• **YOUR TASK**: Below this line are records; transcribe exactly the lines between the one holding "VETTA Наклейки на" and the one holding "该生产线可生产各类膨化食品,香米饼等夹心", inclusive, and omit the pictures.

• **STUDY MATERIAL**:
_ _ _

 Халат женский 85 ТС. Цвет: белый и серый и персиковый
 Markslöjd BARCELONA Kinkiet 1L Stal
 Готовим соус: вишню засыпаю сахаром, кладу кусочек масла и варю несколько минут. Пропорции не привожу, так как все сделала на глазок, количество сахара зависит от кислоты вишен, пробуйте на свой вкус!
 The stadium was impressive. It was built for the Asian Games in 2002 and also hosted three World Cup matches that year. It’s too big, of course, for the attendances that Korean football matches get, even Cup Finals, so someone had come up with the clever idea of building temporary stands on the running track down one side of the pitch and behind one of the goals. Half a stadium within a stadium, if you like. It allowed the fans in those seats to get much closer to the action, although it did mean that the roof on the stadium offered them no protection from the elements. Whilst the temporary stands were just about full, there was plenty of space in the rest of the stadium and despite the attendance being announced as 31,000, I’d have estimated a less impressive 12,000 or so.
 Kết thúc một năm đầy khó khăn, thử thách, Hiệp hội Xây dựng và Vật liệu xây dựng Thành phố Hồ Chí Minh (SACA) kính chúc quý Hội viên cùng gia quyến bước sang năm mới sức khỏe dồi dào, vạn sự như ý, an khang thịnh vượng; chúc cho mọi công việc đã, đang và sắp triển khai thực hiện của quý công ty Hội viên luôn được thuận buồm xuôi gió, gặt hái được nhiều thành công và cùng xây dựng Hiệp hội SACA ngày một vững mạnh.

_ _ _

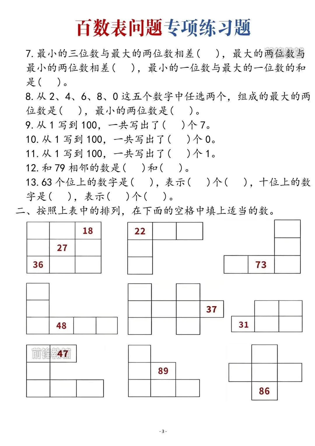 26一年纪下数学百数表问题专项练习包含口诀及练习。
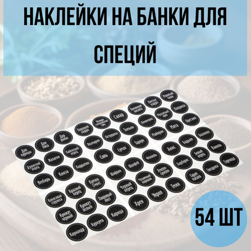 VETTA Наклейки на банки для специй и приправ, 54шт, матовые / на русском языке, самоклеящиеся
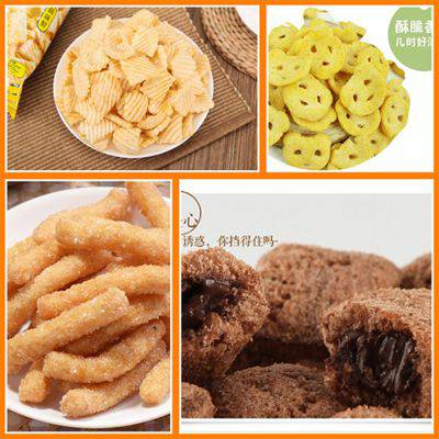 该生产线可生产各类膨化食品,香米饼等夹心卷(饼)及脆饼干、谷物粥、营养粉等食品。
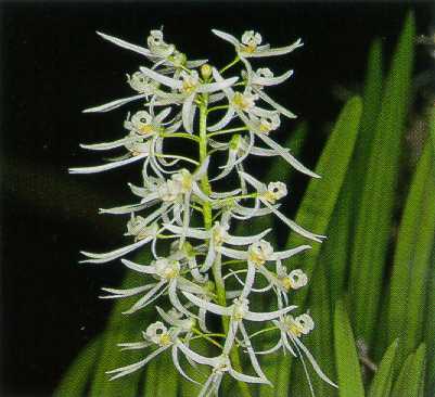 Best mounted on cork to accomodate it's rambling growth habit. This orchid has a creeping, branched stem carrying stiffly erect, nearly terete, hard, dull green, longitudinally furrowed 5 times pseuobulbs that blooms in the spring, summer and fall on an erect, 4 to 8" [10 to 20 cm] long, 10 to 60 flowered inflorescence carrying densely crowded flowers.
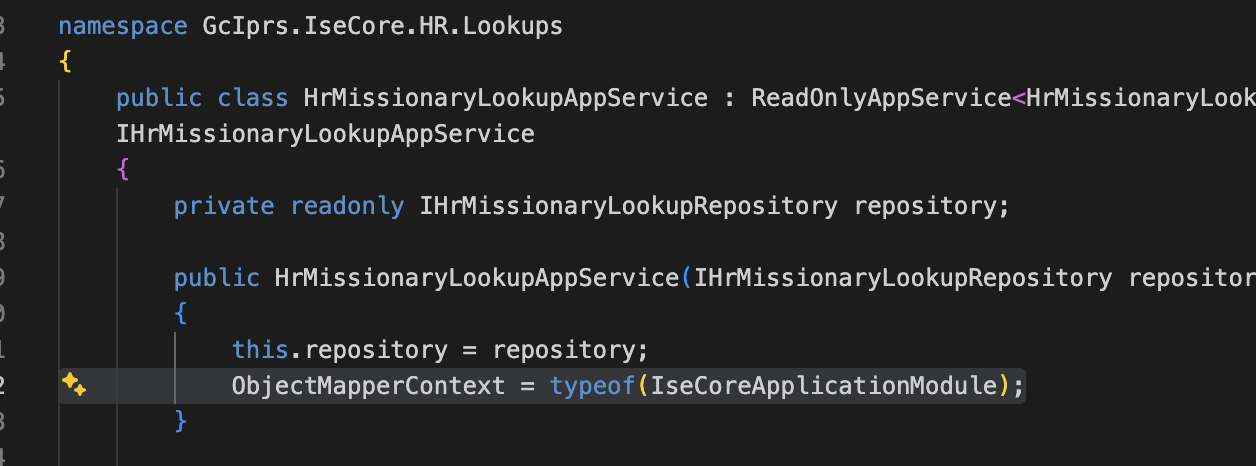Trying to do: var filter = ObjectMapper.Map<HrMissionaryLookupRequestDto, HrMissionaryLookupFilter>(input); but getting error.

_ _ _

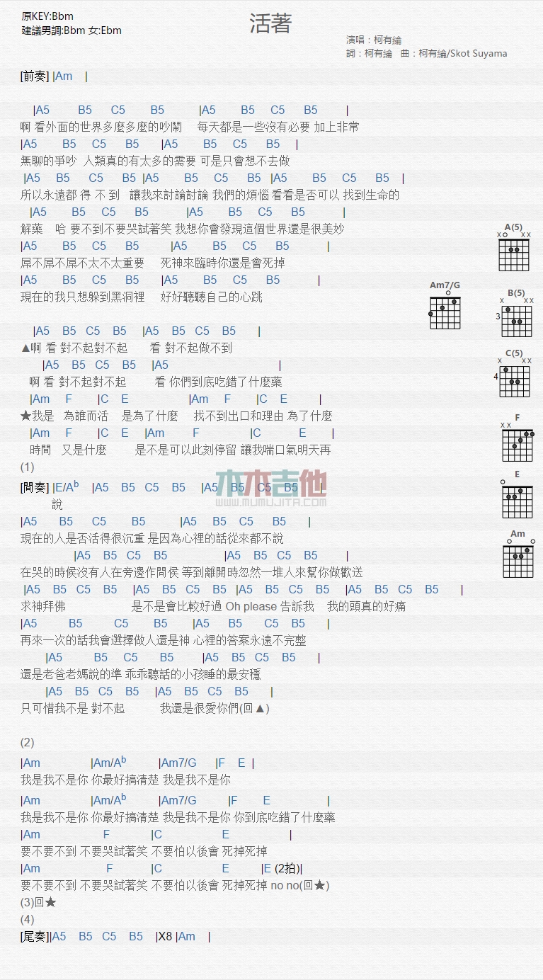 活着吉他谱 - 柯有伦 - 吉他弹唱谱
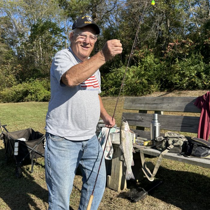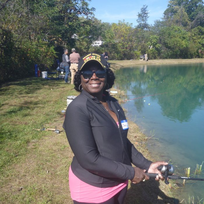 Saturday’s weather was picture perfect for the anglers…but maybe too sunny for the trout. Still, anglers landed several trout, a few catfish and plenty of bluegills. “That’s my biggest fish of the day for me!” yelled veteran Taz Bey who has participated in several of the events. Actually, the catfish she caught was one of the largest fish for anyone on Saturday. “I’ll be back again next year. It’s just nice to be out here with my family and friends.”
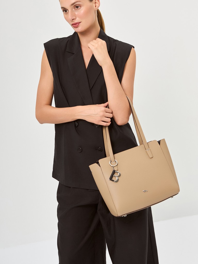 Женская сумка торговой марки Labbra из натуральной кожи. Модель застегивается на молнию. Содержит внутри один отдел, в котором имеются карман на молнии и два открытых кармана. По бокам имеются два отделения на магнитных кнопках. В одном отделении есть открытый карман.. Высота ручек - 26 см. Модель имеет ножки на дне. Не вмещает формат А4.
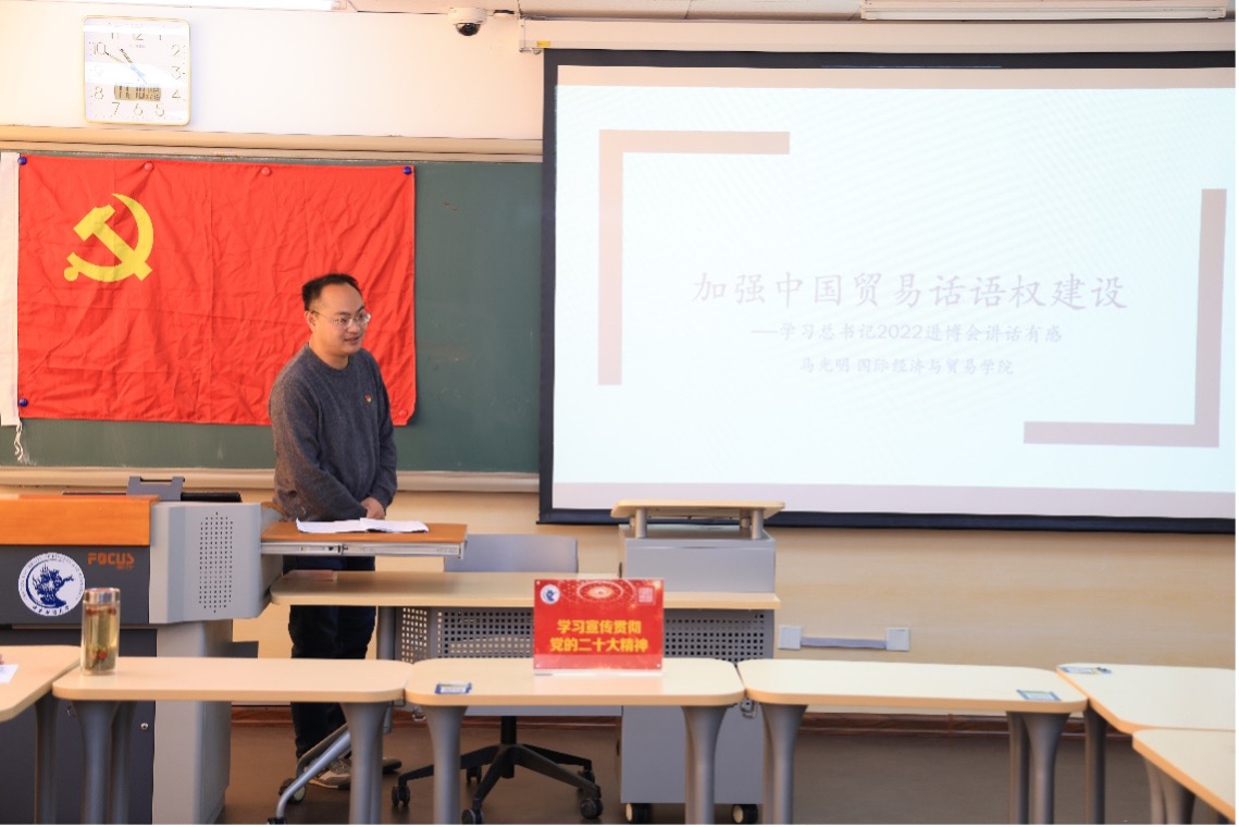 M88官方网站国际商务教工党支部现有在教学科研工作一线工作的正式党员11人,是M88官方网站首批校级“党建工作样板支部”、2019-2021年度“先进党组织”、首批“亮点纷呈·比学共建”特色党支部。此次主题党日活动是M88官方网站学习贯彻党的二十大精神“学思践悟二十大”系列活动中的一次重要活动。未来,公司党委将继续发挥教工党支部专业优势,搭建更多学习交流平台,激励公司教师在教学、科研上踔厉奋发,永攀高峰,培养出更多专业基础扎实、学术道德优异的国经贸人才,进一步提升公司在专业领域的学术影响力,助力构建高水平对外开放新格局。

_ _ _

• **RESULT OF THE TASK**:
 VETTA Наклейки на банки для специй и приправ, 54шт, матовые / на русском языке, самоклеящиеся
 该生产线可生产各类膨化食品,香米饼等夹心卷(饼)及脆饼干、谷物粥、营养粉等食品。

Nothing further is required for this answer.